My NBA Finals Blog

The big three or more like the big two in this series. Ray Ray and the truth.

Game Preview: Lakers at Celtics, Game 6
Tonight’s Matchup Boston Celtics vs. Los Angeles Lakers

Couper Moorhead
Celtics.com Correspondent
June 17, 2008

The Celtics knew travel was going to be about as helpful to their title hopes as a rock jammed inside a sneaker. With less than 48 hours to trek cross-country and prepare for Game 3, both the Celtics and Lakers came out sluggish. Little did the Celtics know that the day before Game 6, a 1:30 (ET) departure time would become 5:30, and a late arrival would give them less than 24 hours before tipoff at 9 p.m.

“It could come down to a game of mental toughness, who fights the fatigue mentally better than the other group,” Doc Rivers said after Game 5.

As far as rejuvenating factors go, there’s not much like knowing you need one win in two games to win the NBA Championship – though it works for the Lakers too, who, down 2-3 in the Finals, must force a Game 7 with a win tonight.

“In training camp if you told us we’ll give you two games that you have to win to win a world championship, we would have took it in a heartbeat,” Kobe Bryant said.

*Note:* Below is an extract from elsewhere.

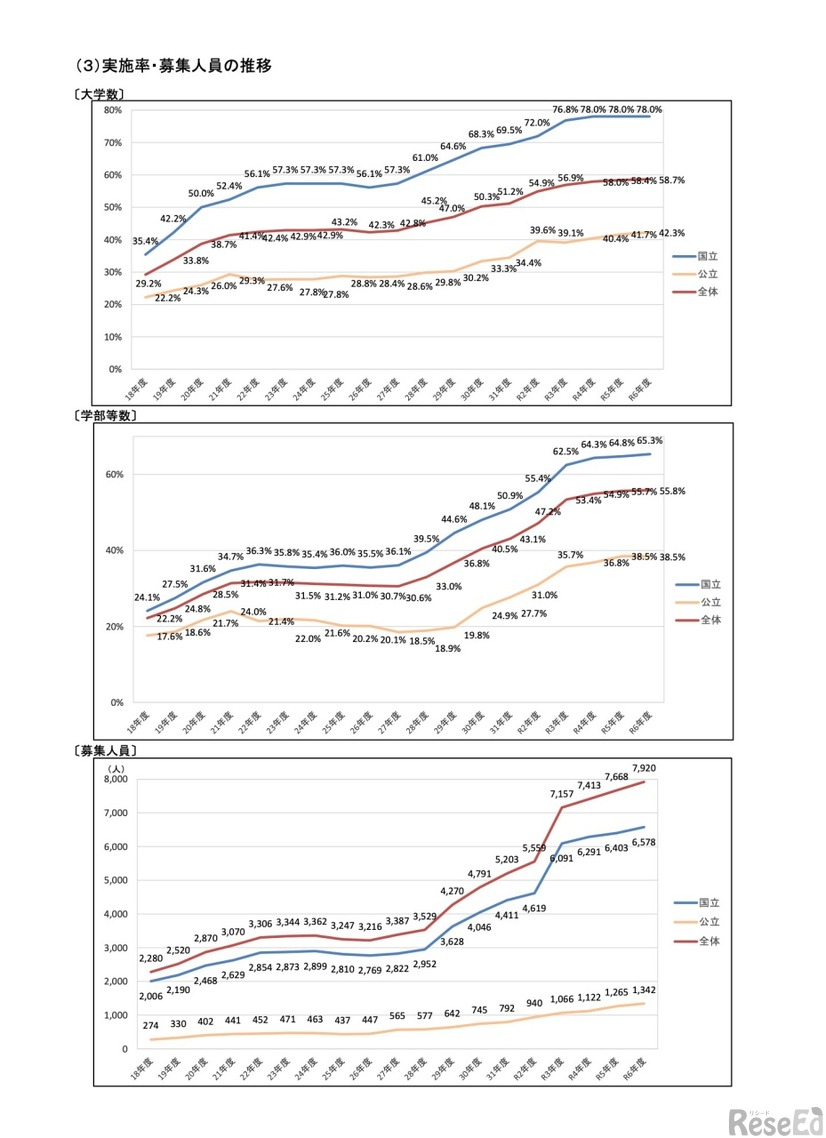 综合选拔”在64所国立大学(78.0%)、264所院系(65.3%)和41所公立大学(42.3%)、85所院系(38.5%)中进行。在全国范围内,宇都宫大学(数据科学管理、工程学)、千叶大学(信息和数据科学)、御茶水女子大学(共同创意工程学)、兵库教育大学(学校教育)和冈山大学(医学)等五所大学的六个学部). 在公共部门,旭川市立大学(经济、健康与福利学院)和高知工业大学(数据与创新学院)两所大学和三个学院将实施新的综合选拔流程。
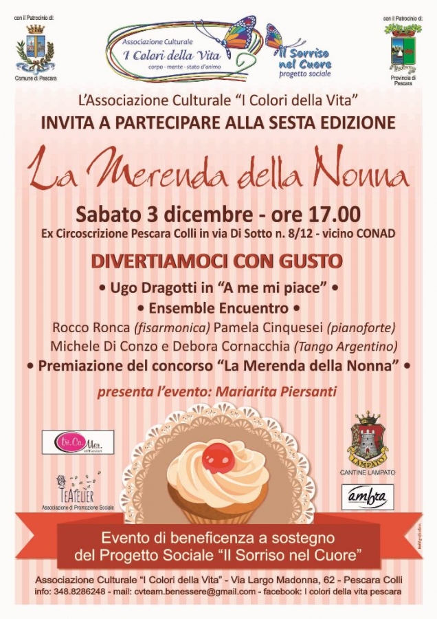 Domani, Sabato 3 Dicembre 2016 alle ore 17 presso la ex circoscrizione di Pescara Colli, in via Di Sotto 8/12, l’Associazione Culturale I Colori della Vita presenta la sesta edizione de “La merenda della nonna”, un simpatico concorso culinario pensato per sensibilizzare grandi e piccini, giovani e meno giovani alla riscoperta e alla condivisione delle tradizioni culinarie e delle sane abitudini alimentari.

Of course, both games are at the Garden, where the Celtics are 12-1 this postseason. But strip the protective shell of the parquet away, and you’ll find some lingering issues from the West Coast that must be exterminated.

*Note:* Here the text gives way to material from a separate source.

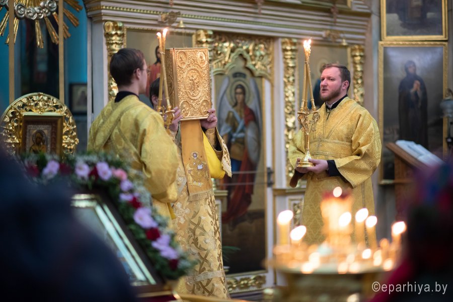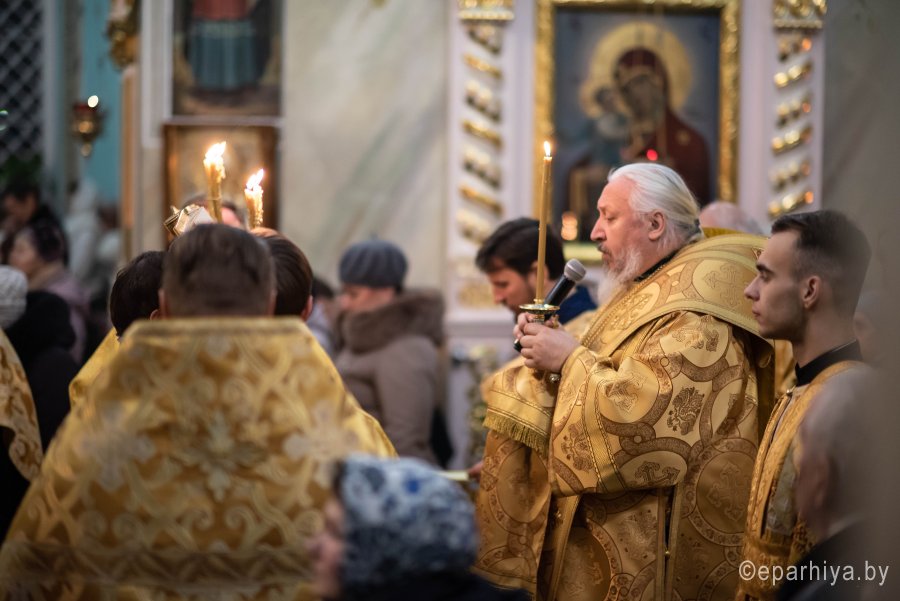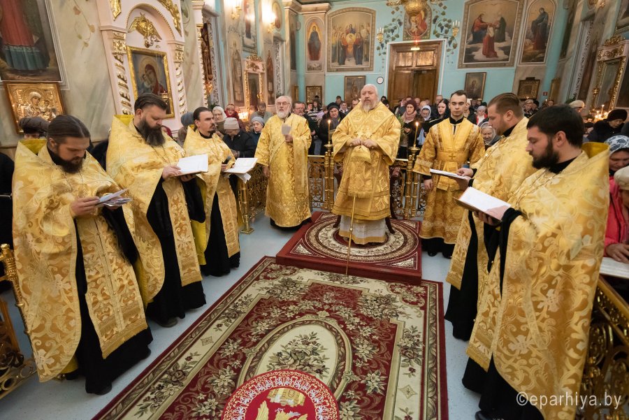 Вечернее богослужение с чтением акафиста на распев в Петро-Павловском кафедральном соборе г.Гомеля 24 ноября 2019г. совершил Высокопреосвященнейший Стефан архиепископ Гомельский и Жлобинский в сослужении духовенства собора. По окончании богослужения Владыка обратился к молящимся со словами Архипастырского назидания |
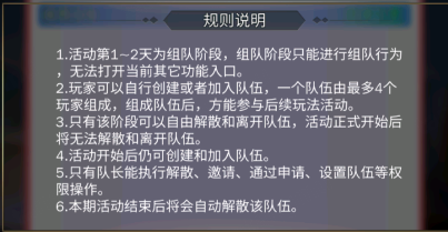 -活动正式开始后(第 3 天 0 点起)仍能创建 / 加入队伍,但不可解散或离开;

In Games 4 and 5 combined, the Celtics were outscored by 74-36 in the first quarter. This led to the 22-point second half comeback of Game 4 and a near comeback on Sunday, but in both instances they were playing with fire. Counting on the Lakers to leave the window open isn’t going to cut it.

“We’ve just got to get off to better starts,” Paul Pierce said. “The Lakers dominated us in the first quarter the last couple of games. It’s tough when you’re always fighting back from big leads of 16, 17 points. We don’t thrive on that, letting a team get ahead and expecting to get back in the game. That’s not something we practice.”

The early deficits have had a lot to do with Kobe, but not with his aggressiveness on offense. The Lakers have elected to lay off Rajon Rondo on nearly every offensive possession and, with Bryant marking him often, this leaves an extremely athletic defender free to protect the lane.

“We have to solve the Kobe problem,” Rivers said. “You know, being a roamer to start games. When we go with more shooters, he can’t roam, we tend to score more. But that’s on the offensive end.”

As the defense minimized Rondo’s ability to impact the game by giving him jumpshots, his minutes fell to 14:32 in Game 5 – guards Sam Cassell, Eddie House and Tony Allen combined for 42:37 off the bench. The extra shooters opened the paint for Pierce (38 points) and gave the Celtics a chance at the end. The problem was a noticeable absence from the lineup that allowed the Lakers into the paint as well.

Kendrick Perkins donned street clothes for Game 5, and his sport coat made Laker bigs Lamar Odom and Pau Gasol look real nice under the basket. With the Celtics’ most physical force sitting, Odom and Gasol combined for 39 points and 24 rebounds on 14-of-20 shooting, with Odom in particular holding deep position for a number of high-low passes from Gasol. The effect was magnified by Kevin Garnett’s constant foul trouble, but without Perkins in the middle, the Lakers became the bigger beast.

“They were the more physical team, from Gasol on,” Rivers said. “I thought all of them, they posted when they wanted to post. They caught the ball in the spots that they wanted to catch the ball on. I thought they forced us off of spots offensively.”

Perkins will be a game-time decision tonight, and if he’s a no-go, Rivers will again be faced with the decision of whether to plug the center spot with Leon Powe and P.J. Brown or favor the smaller lineup that allowed Pierce to scrub up and enter the operating room.

Big or small, fresh or jetlagged, the focus tonight is not that the Celtics can clinch the NBA Finals, but that they must. Game 7 is an option that’s better avoided, because, as this series of comebacks in every shape and size has shown us, anything can happen.

“Every game is a closeout game,” House said. “We got to approach it just like they’re approaching it. Their lives are depending on it, [their] Finals lives are depending on it, and we just got to go out and finish the job.”

Can We Say Blowout!!!

Yes, the rapist Kobe is now the rapee it seems. Good God Celtics!

Yes !!!

:smiley: :smiley: :smiley: :smiley: :smiley: :smiley: :smiley: :smiley: :smiley:

Ray Ray NBA finals record 21 threes

Unbelievable.

Kobe doesnt want to walk about for the post media conferance. Come on- I want to see this!!

Champs

Celebrations

http://www.stuff.co.nz/stuff/4588535a12155.html

I’m still trying to figure out how L.A. advanced to the finals. It seems the refs really helped them with the bogus non call on Berrys 3 pointer in the San Antonio series.

Detroit would also have beaten L.A. in my opinion.

Can we just send Boston as TeamUSA so we don’t get blown up by Puerto Rico again?